Convicts don't need heavy filtration to be ok. Your ''20 gallon'' filter should be ok

Check this link out.... It should help you if you plan on getting convicts: CONVICTS


----------



## CorGravey (Feb 13, 2007)

Also depwnds on the store. One of my lfs will sell you a fish with the final stages of ick if ud buy it. I dont go to that one. My lfs quarintines sick fish with a unhappy face on the tank so we know not to buy them. This is not foolproof but it helps. Also i pick out every single fish i buy, make em scoop they active colorful ones and ur less like to get parasites. Never evr feed fish just bought always quarintine. And keep lots of Meds on hand, hopefully you never have to use them.


----------



## ICEE (Feb 3, 2007)

10/10 risk for 10 for 1.00 ones


----------



## Moondemon (Dec 9, 2006)

coutl said:


> 10/10 risk *for 10 for 1.00 ones*


hmm.. what ??


----------



## Narile (Mar 22, 2007)

Moondemon said:


> 10/10 risk *for 10 for 1.00 ones*


hmm.. what ??








[/quote]

On a scale of 1-10, 10 being the highest risk... he gives it a 10 for the risk of feeding feeders to Ps (10 feeders for a dollar)


----------



## Moondemon (Dec 9, 2006)

Narile said:


> 10/10 risk *for 10 for 1.00 ones*


hmm.. what ??








[/quote]

On a scale of 1-10, 10 being the highest risk... he gives it a 10 for the risk of feeding feeders to Ps (10 feeders for a dollar)
[/quote]

Thank you !
It makes more sence now !


----------



## bud......weiser (Feb 12, 2007)

im start the breeding this friday so when i start it ill try to get a camara and ill show how its done,i just want to learn more so i know fully what im doing and itl also be good because people will see how easy it is when you know what your doing.and it might incuarage people to breed there own and not buy them from the store.


----------



## Moondemon (Dec 9, 2006)

I found many web pages about breeding convicts after a search on google.... might help out !


----------



## flashover00 (Oct 19, 2006)

I recieved a ton of convicts from a p-fury member a while back. Tossed 5 or 6 in to my pygo tank and NOTHING HAPPENED. The convicts actually were aggressive to my p's and they lived together for like 6 months with only one convict fatality. LOL

Be forewarned, once they start breeding they keep going at it like crazy and you will have a crap load of them. I finally got rid of all of mine maybe a month or two ago...gave them to a different member who fed them to his rhom.


----------



## bud......weiser (Feb 12, 2007)

CorGrav420 said:


> Also depwnds on the store. One of my lfs will sell you a fish with the final stages of ick if ud buy it. I dont go to that one. My lfs quarintines sick fish with a unhappy face on the tank so we know not to buy them. This is not foolproof but it helps. Also i pick out every single fish i buy, make em scoop they active colorful ones and ur less like to get parasites. Never evr feed fish just bought always quarintine. And keep lots of Meds on hand, hopefully you never have to use them.

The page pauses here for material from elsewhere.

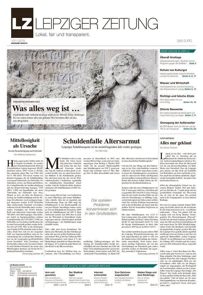 Weitere Themen sind u.a.: Schuldenfalle Altersarmut – Leipziger Rentner haben eine geringere Lebensqualität – Seiten 1 und 3 +++ Gesetzlos und arm: Das soziale Umfeld prägt Kriminalität entscheidend mit Seiten 1 und 10 +++ Helmut Schmidt verpaffte – Eine Karikaturkondolenz von Schwarwel – Seite 2 +++ Rätselhafter Anstieg: Immer mehr Kinder haben Diabetes Typ 1 +++ Für legale Graffiti: Eine Leipziger Koordinierungsstelle wird aufgebaut – Seite 2 +++ Kaufkraft in Leipzig steigt leicht: Neuer Handelsatlas der IHK Leipzig belegt auch Zunahme der Großverkaufsflächen – Seite 2 +++ Der Stadtrat tagte: Was Stadtpolitiker verstimmte, bestimmten und abstimmten – Seite 4 +++ Damit es nicht nass werde: Freistaat investiert in Hochwasserschutz – Seite 5 +++ Innovation als Motor: Sachsens Wirtschaft boomt – Seite 5 +++ Faire Vergütung gewünscht: Das Urhebervertragsrecht hat Anpassungsprobleme – Seite 5 +++ Steuerbetrug und Selbstanzeigen: Wenn das Finanzamt zweimal klingelt – Seite 6 +++ Der Bau kann beginnen: Gohlis bekommt eine Moschee – Seite 6 +++ Mitarbeiterin der Woche: Im Interview Ganna Renkachyshska vom EMP-Laden – Seite 8 +++ Nichts geht über Kontrolle: Kulturgutschutzgesetz wird vom Kunsthändlerverband kritisiert – Seite 8 +++ Hamburg, Mon Amour – Ein Reisebericht aus Hamburg – Seite 9 +++ Ein Fahnenstreit – Warum die Roma-Flagge nicht vorm Rathaus gehisst wird +++ Seite 10 +++ Vom Fischteich zur Hafenstadt: Die Entwicklung des Leipziger Gewässernetzes – Seite 14 +++ Culture-topia: Politik der Verdächtigung – Seite 16 +++ Zum Zeichnen angestachelt: Künstlerin Elisabeth Wolf entdeckt die Malerei – Seite 18 +++ Clash der Generationen: Mozart-Oper polarisiert noch heute – Seite 18 +++ Eine Herkulesaufgabe: Wie das Thomaskantorat ausgefüllt werden muss – Teil 2 des Interviews mit Thomaskantorat-Geschäftsführer Stefan Altner – Seite 19 +++ Kulturtipps der Woche – Seite 20 +++ Bewegungsmelder: Sieben Siege und eine Niederlage: L.E. Volleys haben Interessantes vor – Seite 22 +++ Wochenende: Dagobert Dachs und Willibald Wiesel sowie Schwarwel zur Asylpolitik – Seite 23 +++ Wochenende: Bilderrätsel und Verkaufsstellen – Seite 24 +++

i aways grab the one that are the fewest in the tank and the most colorful i know i shouldnt get them from the store but at least i watch out i think everybody is guilty of feeding there first piranhas feeders.


----------



## bud......weiser (Feb 12, 2007)

flashover00 says that piranhas might not eat convicts how about everybody else,what kind of piranhas do you have mybe its just that the pygos that dont like convicts....... is there any other fish thats good how about live silverside??


----------



## bud......weiser (Feb 12, 2007)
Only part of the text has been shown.